Smokers, and those with Asthma and COPD, have reduced airflow ability. People who suffer from asthma and COPD show decreases in exhaled air due to inflammation of the airways. This inflammation causes narrowing of the airways which allows less air to be exhaled. Numerous things cause inflammation some examples are cigarette smoke and environmental interactions such as allergies, weather, and exercise. In smokers the inability to exhale fully is due to the loss of elasticity in the lungs. Smoke in the lungs causes them to harden and become less elastic, which prevents the lungs from expanding or shrinking as they normally would. [ citation needed ]

Dead space can be determined by two types of factors which are anatomical and physiological. Some physiological factors are having non-perfuse but ventilated alveoli, such as a pulmonary embolism or smoking, excessive ventilation of the alveoli, brought on in relation to perfusion, in people with chronic obstructive lung disease, and “shunt dead space,” which is a mistake between the left to right lung that moves the higher CO2 concentrations in the venous blood into the arterial side. [6] The anatomical factors are the size of the airway, the valves, and tubing of the respiratory system. [6] Physiological dead space of the lungs can affect the amount of dead space as well with factors including smoking, and diseases. Dead space is a key factor for the lungs to work because of the differences in pressures, but it can also hinder the person. [ citation needed ]

One of the reasons we can breathe is because of the elasticity of the lungs. The internal surface of the lungs on average in a non-emphysemic person is normally 63m2 and can hold about 5lts of air volume. [7] Both lungs together have the same amount of surface area as half of a tennis court. Disease such as, emphysema, tuberculosis, can reduce the amount of surface area and elasticity of the lungs. Another big factor in the elasticity of the lungs is smoking because of the residue left behind in the lungs from the smoking. The elasticity of the lungs can be trained to expand further. [ citation needed ]

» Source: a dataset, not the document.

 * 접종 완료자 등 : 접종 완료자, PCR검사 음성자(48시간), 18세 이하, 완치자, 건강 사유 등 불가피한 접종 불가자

Brain control of exhalation can be broken down into voluntary control and involuntary control. During voluntary exhalation, air is held in the lungs and released at a fixed rate. Examples of voluntary expiration include: singing, speaking, exercising, playing an instrument, and voluntary hyperpnea. Involuntary breathing includes metabolic and behavioral breathing. [ citation needed ]

Voluntary expiration Edit

The neurological pathway of voluntary exhalation is complex and not fully understood. However, a few basics are known. The motor cortex within the cerebral cortex of the brain is known to control voluntary respiration because the motor cortex controls voluntary muscle movement. [8] This is referred to as the corticospinal pathway or ascending respiratory pathway. [8] [9] The pathway of the electrical signal starts in the motor cortex, goes to the spinal cord, and then to the respiratory muscles. The spinal neurons connect directly to the respiratory muscles. Initiation of voluntary contraction and relaxation of the internal and external internal costals has been shown to take place in the superior portion of the primary motor cortex. [8] Posterior to the location of thoracic control (within the superior portion of the primary motor cortex) is the center for diaphragm control. [8] Studies indicate that there are numerous other sites within the brain that may be associated with voluntary expiration. The inferior portion of the primary motor cortex may be involved, specifically, in controlled exhalation. [8] Activity has also been seen within the supplementary motor area and the premotor cortex during voluntary respiration. This is most likely due to the focus and mental preparation of the voluntary muscular movement. [8]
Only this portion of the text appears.